Potential Business Models

  1. Global Smart-Scale Trader: Enabled by digital advancements, automation, and market convergence, this model focuses on achieving scale globally. Incumbents and new entrants pursue growth through both organic and inorganic means, with an emphasis on capturing competitive financing and third-party volumes in the portfolio.
  2. Niche Trader Mastering Complexity: In markets where scale is less critical, niche traders target regional or commodity-specific relationships. Specialization in new components of the carbon and ESG economy distinguishes this model, with barriers to entry attracting multiple players who develop competitive edges based on customer centricity or technological capabilities.
  3. Tactical Trader–Investor: Capitalizing on cyclical imbalances in commodity-based industries, this model involves capturing value through positions that address supply and demand gaps.
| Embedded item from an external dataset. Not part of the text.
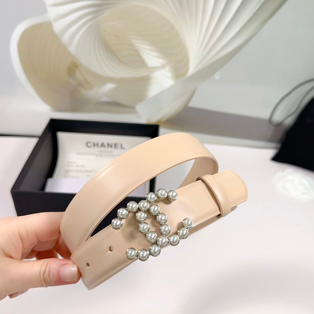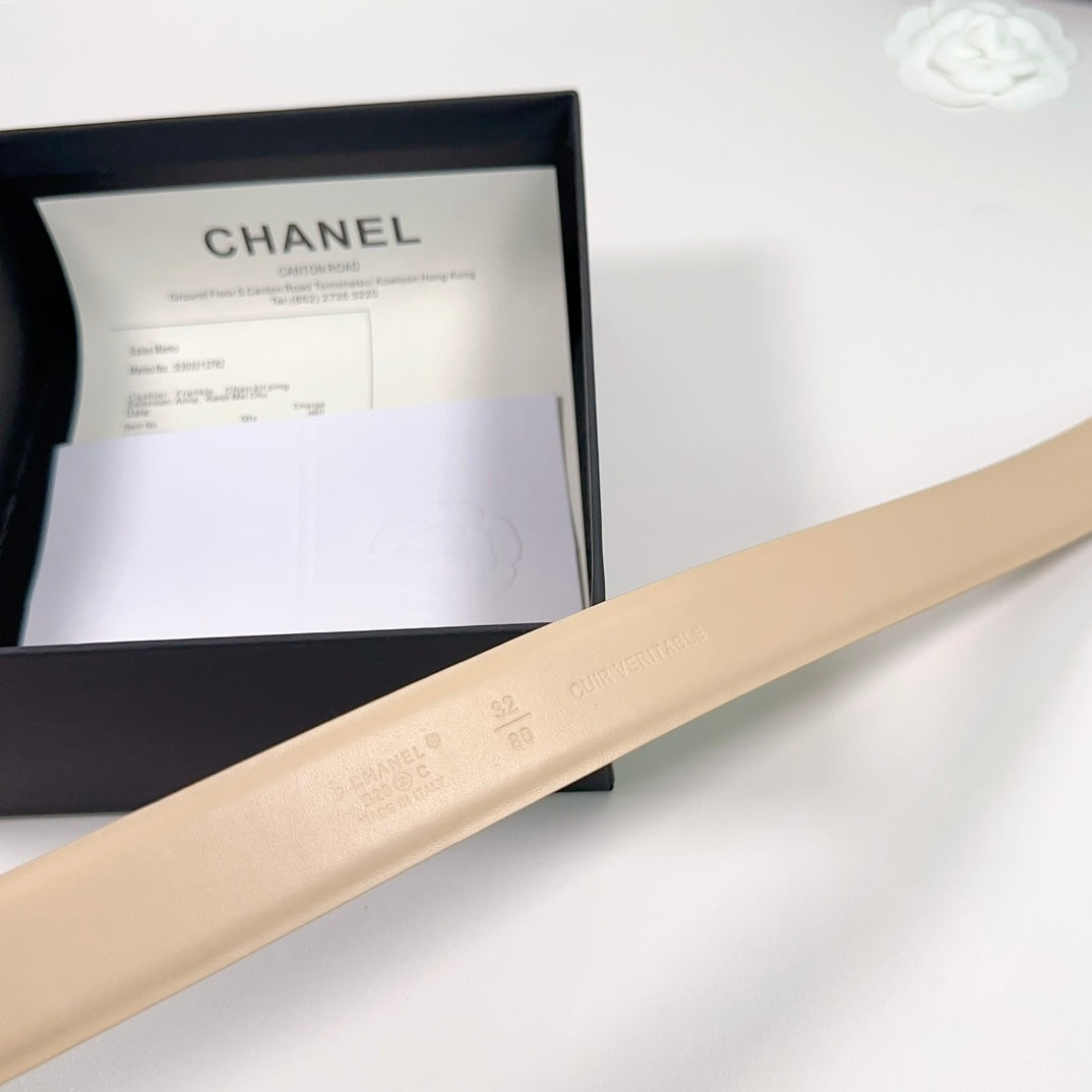 CC BELT 30 MM IN BISQUE BEIGE SMOOTH CALFSKIN WITH SILVER HARDWARE ATTACH PEARL

Players in this category possess a private equity mindset, utilizing strong balance sheets to take equity in illiquid physical positions aligned with long-term views.

Conclusion

The commodity trading industry stands at a pivotal juncture, navigating through a complex landscape shaped by the energy transition, trade flow disruptions, financing challenges, and increased liquidity. Success in the coming years requires a strategic focus on customer centricity, embracing short-term markets, understanding and investing in decarbonization, rapidly scaling up trading capabilities, and developing efficient and agile trading platforms. The evolution of potential business models further underscores the need for adaptability and innovation as the industry charts its course into the next normal.